Agentic Search: Orchestrating User Intent
The next leap in AI search is something I find truly exciting—agentic search. Imagine a customer support system where users can ask a broad range of questions about their services, such as billing issues or technical problems. An agentic search system could determine whether the question requires a simple keyword match, a deeper semantic search, or a data-driven SQL query to provide the best response, all while keeping track of the user’s previous queries to better understand their needs. Instead of just providing answers, these systems are designed to understand the user’s intent and adapt accordingly, almost like having a conversation with an intelligent assistant that knows the best way to help.

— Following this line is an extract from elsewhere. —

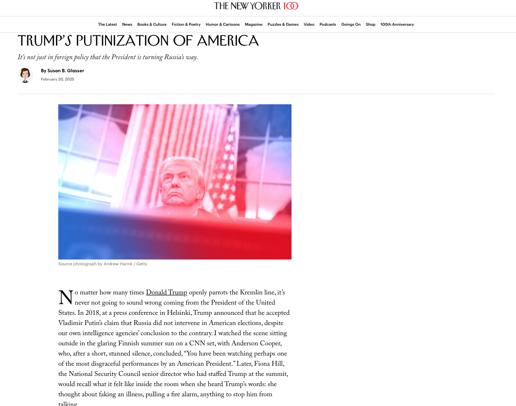 Відчайдушно сміливий у нинішніх умовах заголовок New Yorker «Трампівська путінізація Америки». Скрін newyorker.com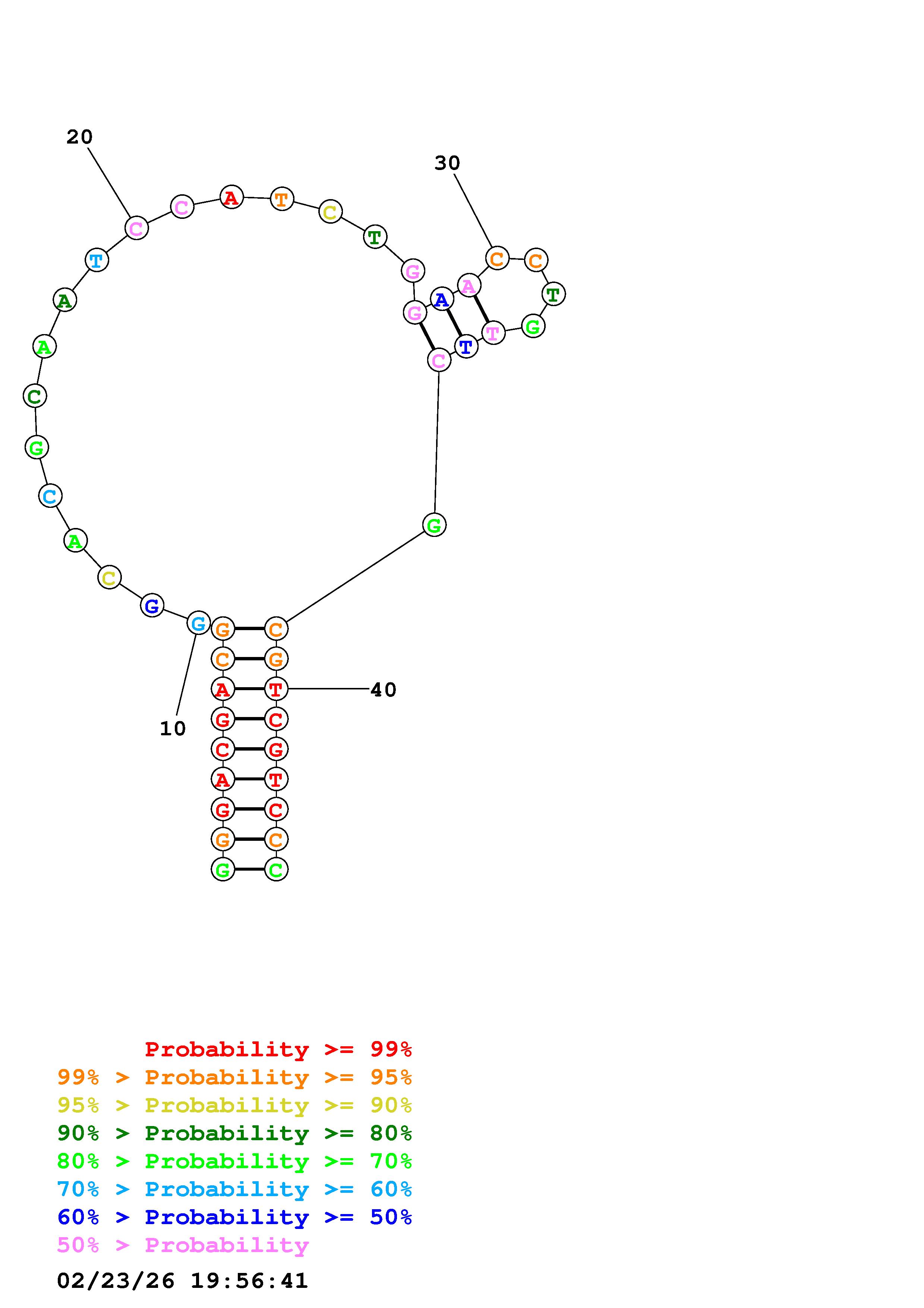 Fold Predict1.fasta Fold.ct --DNA --loop 30 --maximum 20 --percent 10 --temperature 298 --window 3

An orchestrator AI oversees the whole process, much like a conductor leading an orchestra—making sure each component works in harmony to deliver the best possible outcome. If you ask a straightforward question, it might stick with a simple keyword search. If your query is more complex or nuanced, it shifts gears to semantic search. And if the answer lies in data, it generates an SQL query on the fly. It’s a dynamic, adaptable system that chooses the right tool for each job.
Sometimes, the orchestrator even reformulates your query to make it more precise. It might break a question down into smaller parts or paraphrase it to ensure the best results. Once it has all the information, it presents it in a conversational format—making it easier to understand and, frankly, a lot more enjoyable to interact with.
Side note: I wrote about a framework I called Agent Augmented Practice in my dissertation. The basic idea is that AI agents will help in practices like policing. They will go beyond the tools we use and actually strengthen the practice in many ways. You can read a summary of my dissertation here.
The Road Ahead
Reflecting on this journey, I’m struck by how far AI has come in such a short time, from basic keyword matching to complex intent understanding, in making information more accessible. My early project of translating natural language to SQL was just the beginning. Today, retrieval augmented generation, vector-based searches, and agentic systems are pushing the boundaries of what’s possible. There are still challenges, like securing funding and organizational buy-in, but the potential of these technologies is undeniable.
The ultimate goal is to build systems that understand not just what we’re asking, but also how to deliver the information in the most effective way. We’re getting closer to search systems that act more like partners—anticipating our needs and delivering insights with intelligence and empathy. The future of AI and search is incredibly bright, and I can’t wait to see where it takes us next.
I’d love to hear your thoughts—have you encountered any interesting use cases of AI in search, or do you have ideas for where it could go next?